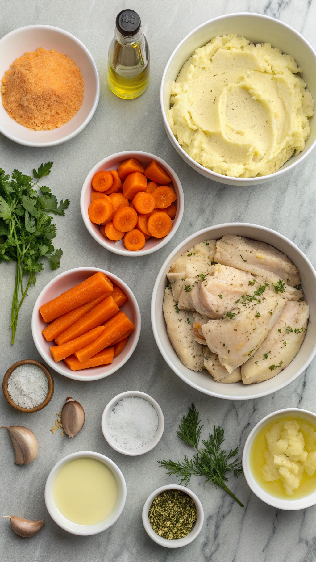 For a lighter version, I use half and half in the sauce and Greek yogurt in the potatoes, then keep the portion of mashed potatoes a bit smaller. I also tried a version with a touch of smoked paprika in the sauce and it gave a cozy, almost rustic flavor that worked really well with the sweet carrots. When I feel extra, I stir a handful of shredded cheddar into the mashed potatoes for a cheesy twist.
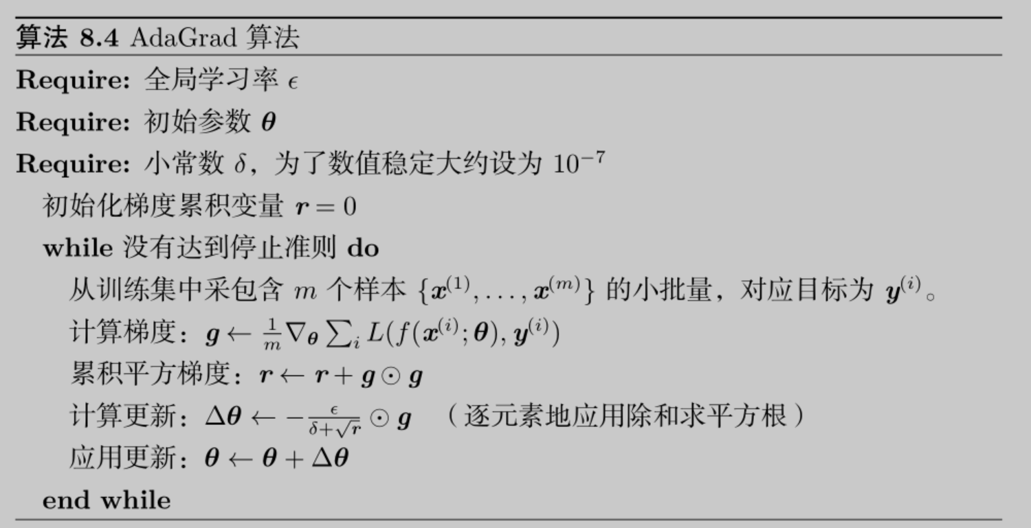 $\theta_i $的表达式:$\theta_i = \theta_i - {\epsilon \over \delta + \sqrt r} * g_{i-1}$
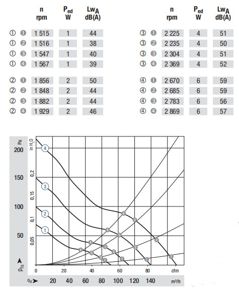 4414FM風量:140m³/h 電壓:24v 噪音:38Db 功率:3.1W 轉速:2400r/min
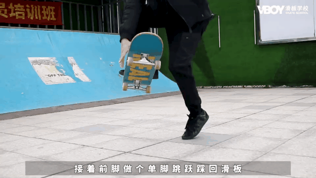 接着,前脚做个单脚跳跃落回滑板上 ,一个boneless就完成了。
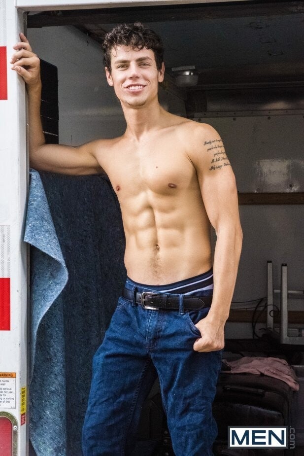 When Beaux Banks discovers that his new neighbor is the sexy Kaleb Stryker, he decides to give him a hand moving in. But when Kaleb catches Beaux sniffing his underwear in the back of his moving van, he realizes why Beaux has a reputation as the neighborhood slut. Kaleb decides the punishment should fit the crime and lets Beaux prove that he deserves his title. Beaux drops to his knees and blows Kaleb, sucking and stroking his cock right there in the back of the van. Soon Kaleb returns the favor before bending Beaux against the wall and giving his perfect bubble butt a deep and passionate rim job. Beaux can't wait any longer and takes the curly-haired hunk's cock deep in his ass, slamming his cheeks against Kaleb's thighs as he rides it all the way down to the balls. The two horned up dudes blow their loads in the back of the van, proving that there is something in nature that does want neighbors to get along.
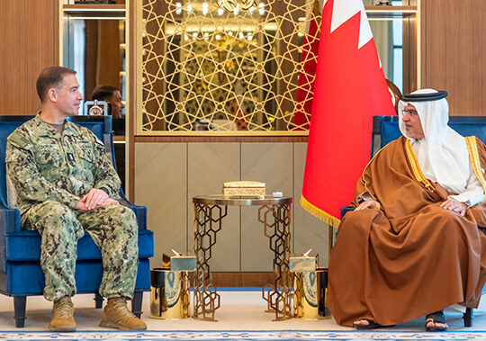 His Royal Highness Prince Salman bin Hamad Al Khalifa, the Crown Prince, Deputy Supreme Commander of the Armed Forces and Prime Minister, today received the Commander of US Naval Forces Central Command, Commander of the United States Fifth Fleet
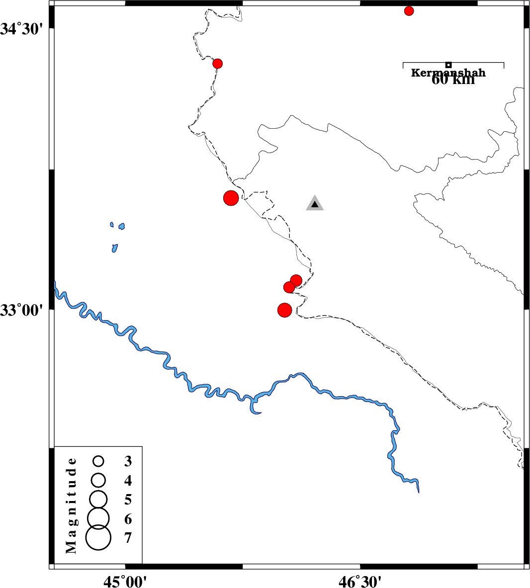 | 2018/09/19 | 19:29:19.6 | 23:59:19.6 | 33.597 | 45.675 | 15 | ML:4.4 | Iraq, 65 km South-West of Gilan-E-Gharb |
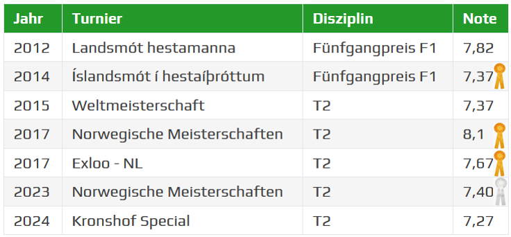 Bei der diesjährigen FIZO 2025 in Verden begeisterte Kóngur sowohl die Richter als auch das Publikum und qualifizierte sich für die WM in Dänemark. Für seine Proportionen erhielt er 9 Punkte, für seine Gliedmaßen sogar beeindruckende 9.5 Punkte. Bereits 2022 war er als vierjähriger Junghengst der höchstbeurteilte Hengst seines Jahrgangs in Dänemark.

═══

▶ PROBLEM TO WORK ON:
Restate all entries exactly; pictures stay out.

▶ EXPECTED ANSWER:
 For a lighter version, I use half and half in the sauce and Greek yogurt in the potatoes, then keep the portion of mashed potatoes a bit smaller. I also tried a version with a touch of smoked paprika in the sauce and it gave a cozy, almost rustic flavor that worked really well with the sweet carrots. When I feel extra, I stir a handful of shredded cheddar into the mashed potatoes for a cheesy twist.
 $\theta_i $的表达式:$\theta_i = \theta_i - {\epsilon \over \delta + \sqrt r} * g_{i-1}$
 4414FM風量:140m³/h 電壓:24v 噪音:38Db 功率:3.1W 轉速:2400r/min
 接着,前脚做个单脚跳跃落回滑板上 ,一个boneless就完成了。
 When Beaux Banks discovers that his new neighbor is the sexy Kaleb Stryker, he decides to give him a hand moving in. But when Kaleb catches Beaux sniffing his underwear in the back of his moving van, he realizes why Beaux has a reputation as the neighborhood slut. Kaleb decides the punishment should fit the crime and lets Beaux prove that he deserves his title. Beaux drops to his knees and blows Kaleb, sucking and stroking his cock right there in the back of the van. Soon Kaleb returns the favor before bending Beaux against the wall and giving his perfect bubble butt a deep and passionate rim job. Beaux can't wait any longer and takes the curly-haired hunk's cock deep in his ass, slamming his cheeks against Kaleb's thighs as he rides it all the way down to the balls. The two horned up dudes blow their loads in the back of the van, proving that there is something in nature that does want neighbors to get along.
 His Royal Highness Prince Salman bin Hamad Al Khalifa, the Crown Prince, Deputy Supreme Commander of the Armed Forces and Prime Minister, today received the Commander of US Naval Forces Central Command, Commander of the United States Fifth Fleet
 | 2018/09/19 | 19:29:19.6 | 23:59:19.6 | 33.597 | 45.675 | 15 | ML:4.4 | Iraq, 65 km South-West of Gilan-E-Gharb |
 Bei der diesjährigen FIZO 2025 in Verden begeisterte Kóngur sowohl die Richter als auch das Publikum und qualifizierte sich für die WM in Dänemark. Für seine Proportionen erhielt er 9 Punkte, für seine Gliedmaßen sogar beeindruckende 9.5 Punkte. Bereits 2022 war er als vierjähriger Junghengst der höchstbeurteilte Hengst seines Jahrgangs in Dänemark.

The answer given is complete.